┌─ Provided data
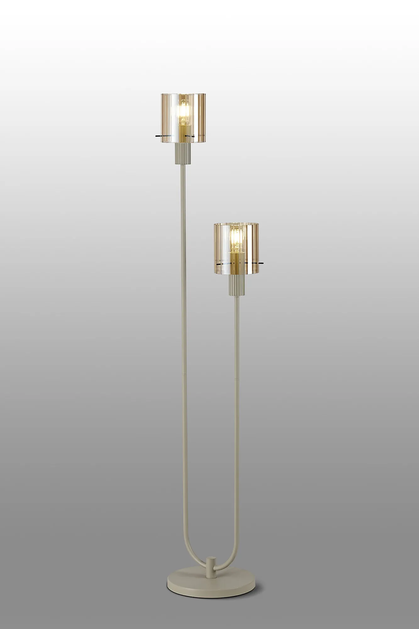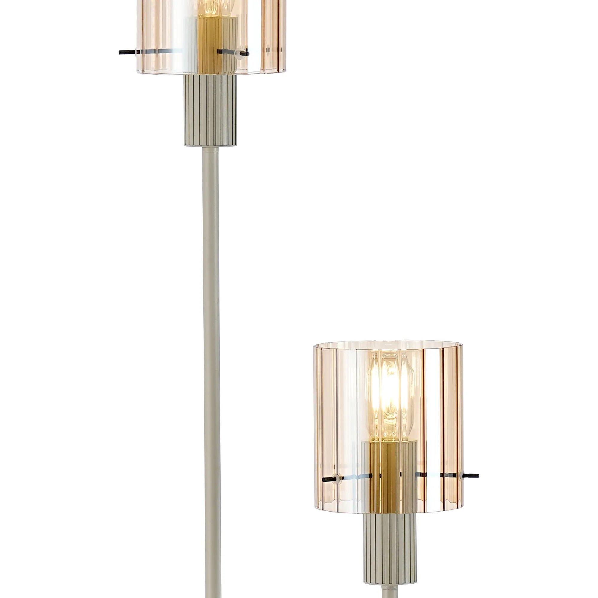 OTHER Castlegar Stepped Floor Lamp, 2 Light E27, Beige Stone/Amber Wide Line Glass
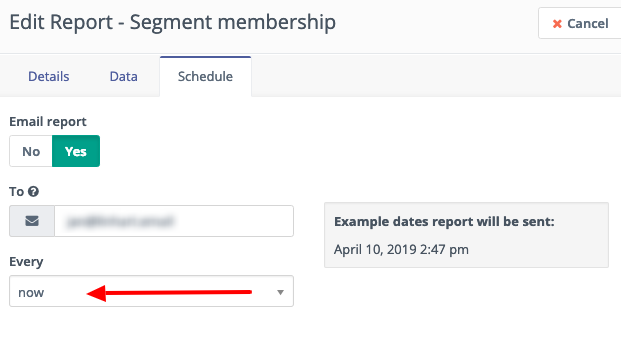 It is possible to send a report just once. This may be helpful if a report takes some time to load. The cron job will process the request, and send the result by email.
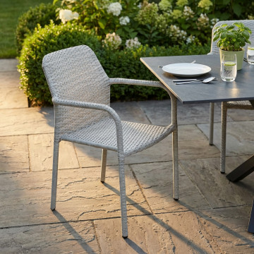 - Dati Tecnici Struttura in metallo, wicker MARRONE, GRIGIO o BIANCO materiale UV protection Dimensioni: cm 56 x 59 x 82 h
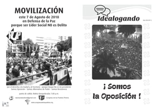 El documento convoca a una movilización el 7 de agosto en defensa de la paz y en contra de los asesinatos de líderes sociales. Critica al nuevo gobierno por designar a reconocidos corruptos en cargos públicos. Llama a la gente a manifestarse para oponerse al presidente Duque y notificarle que el pueblo no se rinde.
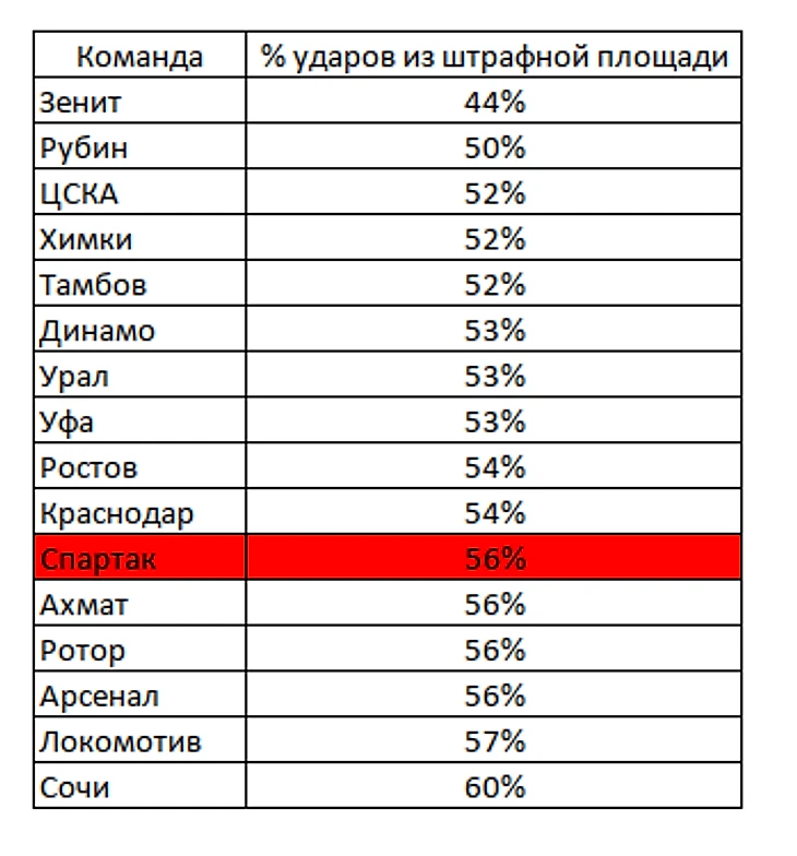Команда Доменико Тедеско в принципе не очень сильна по части обороны. Даже в выигранных матчах против "Краснодара" с шестью забитыми голами, или против "Урала", где "красно-белые" забили 5 мячей, "Спартак" не сохранял свои ворота на замке и все равно пропускал. Яркое доказательство вышеуказанного суждения: ниже приведена таблица с указанием процента нанесенных ударов по воротам соответствующей команды из пределов штрафной площади.
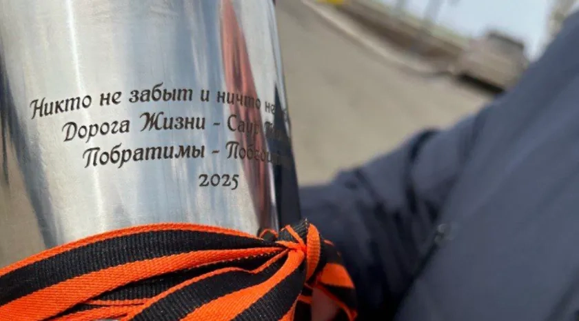 «Это исторический момент, когда «Дорога жизни» из Ленинградской области, из-под Санкт-Петербурга передаёт этот знак с находящейся в ней, этой гильзе, землёй из-под Ленинграда с легендарной Дороги жизни. Она передаётся на хранение в музейно-мемориальном комплексе ДНР», — отметил инициатор автопробега и руководитель международного патриотического проекта «Побратимы-Победители» Юрий Паламарчук.
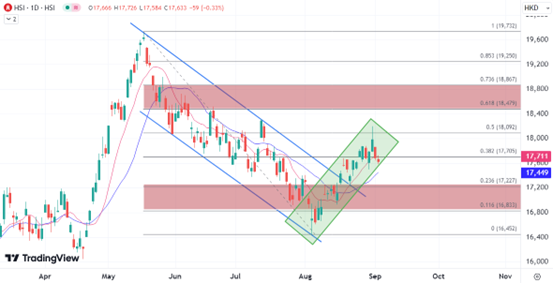 ATFX港股:港股9月开局逊色,技术上伴随调整压力 ATFX港股:港股昨日9月开局急吐近300点后,今早挫逾百点后收复部分失地,内地股市窄幅个别走,上证指数曾再创近7个月低点。恒指半日收报17,627点,跌64点或0.4%,半日高低波幅141点。国指跌20点或0.3%,报6,191点。科技指数报3,496点,升10点或0.3%。 科技指数午后录得
└─
### Task instructions
Everything in the material above must be repeated exactly, apart from its pictures.

### The answer
 OTHER Castlegar Stepped Floor Lamp, 2 Light E27, Beige Stone/Amber Wide Line Glass
 It is possible to send a report just once. This may be helpful if a report takes some time to load. The cron job will process the request, and send the result by email.
 - Dati Tecnici Struttura in metallo, wicker MARRONE, GRIGIO o BIANCO materiale UV protection Dimensioni: cm 56 x 59 x 82 h
 El documento convoca a una movilización el 7 de agosto en defensa de la paz y en contra de los asesinatos de líderes sociales. Critica al nuevo gobierno por designar a reconocidos corruptos en cargos públicos. Llama a la gente a manifestarse para oponerse al presidente Duque y notificarle que el pueblo no se rinde.
Команда Доменико Тедеско в принципе не очень сильна по части обороны. Даже в выигранных матчах против "Краснодара" с шестью забитыми голами, или против "Урала", где "красно-белые" забили 5 мячей, "Спартак" не сохранял свои ворота на замке и все равно пропускал. Яркое доказательство вышеуказанного суждения: ниже приведена таблица с указанием процента нанесенных ударов по воротам соответствующей команды из пределов штрафной площади.
 «Это исторический момент, когда «Дорога жизни» из Ленинградской области, из-под Санкт-Петербурга передаёт этот знак с находящейся в ней, этой гильзе, землёй из-под Ленинграда с легендарной Дороги жизни. Она передаётся на хранение в музейно-мемориальном комплексе ДНР», — отметил инициатор автопробега и руководитель международного патриотического проекта «Побратимы-Победители» Юрий Паламарчук.
 ATFX港股:港股9月开局逊色,技术上伴随调整压力 ATFX港股:港股昨日9月开局急吐近300点后,今早挫逾百点后收复部分失地,内地股市窄幅个别走,上证指数曾再创近7个月低点。恒指半日收报17,627点,跌64点或0.4%,半日高低波幅141点。国指跌20点或0.3%,报6,191点。科技指数报3,496点,升10点或0.3%。 科技指数午后录得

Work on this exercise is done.